Когда строительство всех наших мест проживания завершилось, то каждый из нас поспешил устроиться в собственном углу так, словно ему предстояло оставаться в нем до конца своей жизни, украшая в силу возможностей свое скромное жилище. Я призвал плотника с «Нортумберлэнда», чтобы соорудить в моей комнате два стенных шкафа и заполнить их одеждой императора. Шкафы я поставил по обе стороны окна. Я попросил, чтобы в городе мне купили бумажные обои для стен. Мне прислали китайские обои голубого цвета, украшенные розами и позолоченными пятнами; других обоев на нашлось, и я обклеил ими стены комнаты. Чтобы не было видно находившегося в плачевном состоянии пола, я покрыл его клеенкой с рисунком под паркет. Свою постель я прикрыл белым легким покрывалом, хотя на ней я не спал. На небольшой простенький диван, который мне поставили в комнату, я набросил паркалевый чехол, что придало дивану завидный опрятный вид; маленький умывальник и два стула завершали убранство моей комнаты, за которой тщательно ухаживал мой китаец. Поэтому когда я приходил в мою комнату помыться, то мне доставляло удовольствие хотя бы недолго провести там время. Для сохранения прохлады в комнате ставни окна оставались закрытыми, но лучи солнца с такой силой палили шиферную крышу, от которой меня отделяла только обрешетка, что в течение дня эта комната становилась непригодной для жилья.
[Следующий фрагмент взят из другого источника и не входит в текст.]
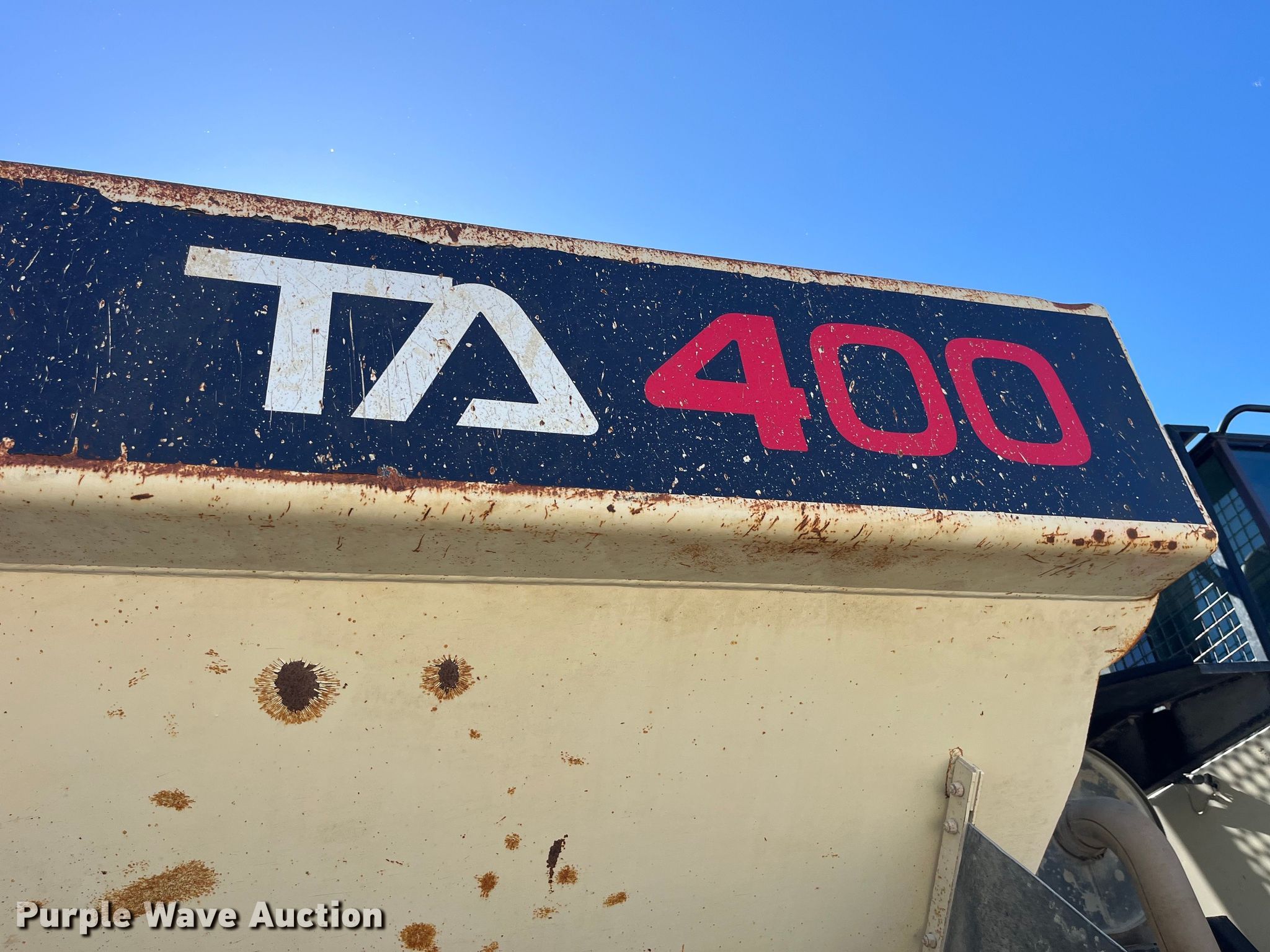 2009 Terex TA40 haul truck. Miles: 42,569 on odometer, Hours: 8,741 on meter, Serial: A8651390. Engine Detroit Diesel, Cylinders: 6, Fuel type: Diesel. Transmission Automatic. Chassis Six wheel drive. Interior AC, heat, Retarder, Backup camera. Tires Size: 29.5R25. Gallatin, MO 64640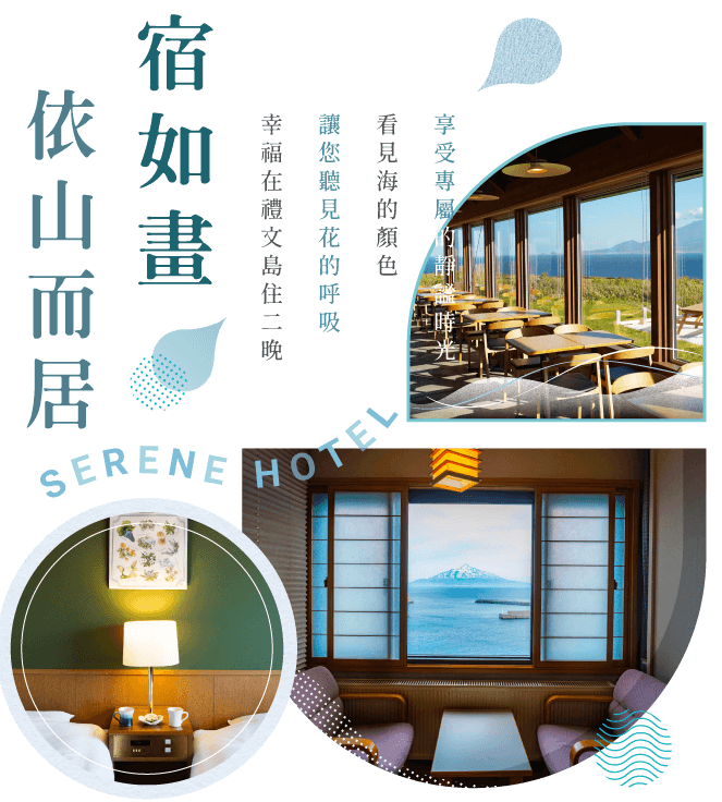 幸福在北海道.禮文島住二晚:當您走進旅館那刻起,落入眼前的落地窗,成了裝裱時間的畫框,白雲碧海藍天交織,在您眼眸中優雅起伏,而您的心已在與自然對話中,找到了久違的寧靜。

Район, где император мог прогуливаться без сопровождения дежурного английского офицера, простирался на шесть-восемь миль, но в действительности он включал в себя только лонгвудскую рощу, сад, принадлежавший Восточно-Индийской компании, и Дедвуд (местонахождение английского военного лагеря, который император никогда не посещал). Только в этом районе император мог совершать свои прогулки, и, конечно, они не выходили за пределы четырех миль. Всю остальную площадь района составляли овраги и ложбины, которые император должен был преодолевать верхом на коне с большой осторожностью, чтобы его конь не свалился.
Однажды, когда он прогуливался пешком по одной из таких ложбин в сопровождении графа де Лас-Каза и генерала Гурго, император угодил в нечто похожее на трясину; когда он вернулся домой, то сказал этим господам, сопровождавшим его до самой спальни: «Это же было настоящее Аркольское болото! Что бы они сказали там, в Европе, — добавил он, смеясь, — если бы я провалился в него? Это было бы справедливое наказание за все мои преступления!» Так как его сапоги были в грязи до самого верха, то я спросил Сен-Дени, что же произошло с императором. Сен-Дени рассказал мне, что император, спешившись, пошел пешком по ложбине, показавшейся ему покрытой свежей травой, но на самом деле не имевшей никакой твердой почвы. В том же самом месте некоторое время спустя Сен-Дени, ехавший верхом на коне, застрял в грязи и смог выбраться из нее только с большим трудом, благодаря помощи генерала Гурго.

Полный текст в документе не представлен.